Kaley Chiles a saisi la Cour suprême avec l’aide de la très conservatrice Alliance Defending Freedom (ADF), un groupe de défense conservateur qui s’oppose aux droits des personnes LGBTQ et transgenres, à l’avortement, au mariage homosexuel.

L’ADF affirme que le Colorado n’a pas prouvé les risques présentés par ce type d’accompagnement psychologique. « Le Colorado a réduit au silence ces conseillers psychologiques, privé des familles en détresse de l’aide qu’elles recherchent et porté préjudice aux jeunes qui bénéficieraient des voix de ces conseillers psychologiques », affirment-ils, exhortant les neuf juges de la Cour suprême à « mettre fin à cette censure insensée et nuisible ».

Des chercheurs accusent l’ADF d’avoir « déformé » leur travail

Dans le quotidien britannique The Guardian, lundi, des chercheurs ont accusé l’ADF d’avoir « profondément » déformé leurs recherches, qui mettaient en avant les « dommages psychologiques » des thérapies de conversion.

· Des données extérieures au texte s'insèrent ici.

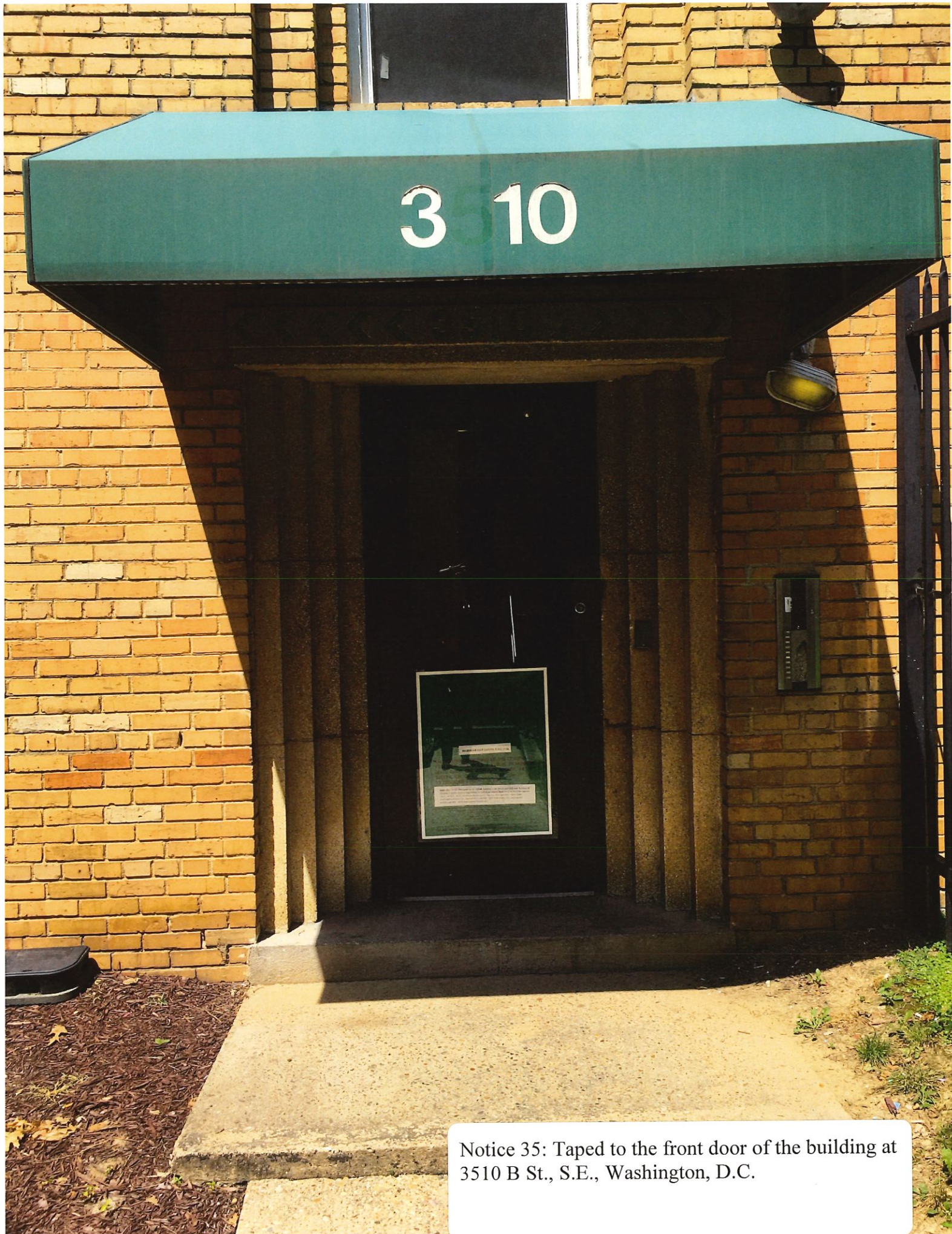
Notice 35: Taped to the front door of the building at 3510 B St., S.E., Washington, D.C.
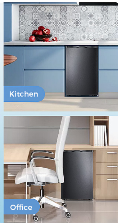
Image: The compact design of the Electactic Mini Upright Freezer allows for versatile placement in various rooms.
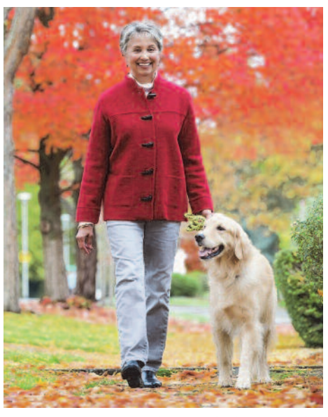
Chinese herbs provide fast relief of leg and feet tingling, burning and numbness. They do this by improving the flow of blood, nutrients and oxygen to your legs and feet to repair damaged nerves.

Now you can get a good night's sleep - peace-
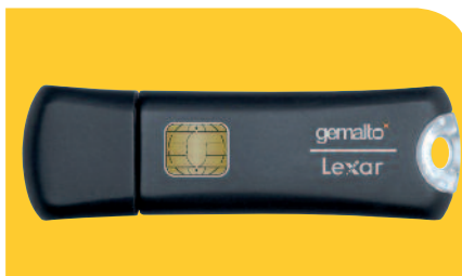
SMART ENTERPRISE GUARDIAN

Smart Enterprise Guardian is a unique USB device based on industry standards that secures identity credentials and sensitive files with proven smart card technology. In addition to

La famille d’un chercheur décédé, également citée par l’ADF, s’est dite « profondément troublée » par la « déformation » de son travail.

Depuis 2018, la Cour suprême s’est prononcée dans deux affaires impliquant les lois anti discriminations du Colorado prises dix ans plus tôt. En 2018, dans l’affaire Masterpiece Cakeshop, un pâtissier chrétien avait refusé de confectionner un gâteau de mariage pour un couple homosexuel. Les Sages avaient botté en touche sur la question de savoir si la liberté religieuse du pâtissier était supérieure au droit coloradien.

En 2023, dans l’arrêt 303 Creative, ils ont reconnu au nom du Premier amendement le droit pour une créatrice de sites web de mariage d’inscrire sur son propre site qu’elle ne travaillait pas pour les couples de même sexe. Lorie, la plaignante, n’avait pourtant jamais été sollicitée par des amoureux homosexuels. L’AFD avait plaidé dans les deux affaires.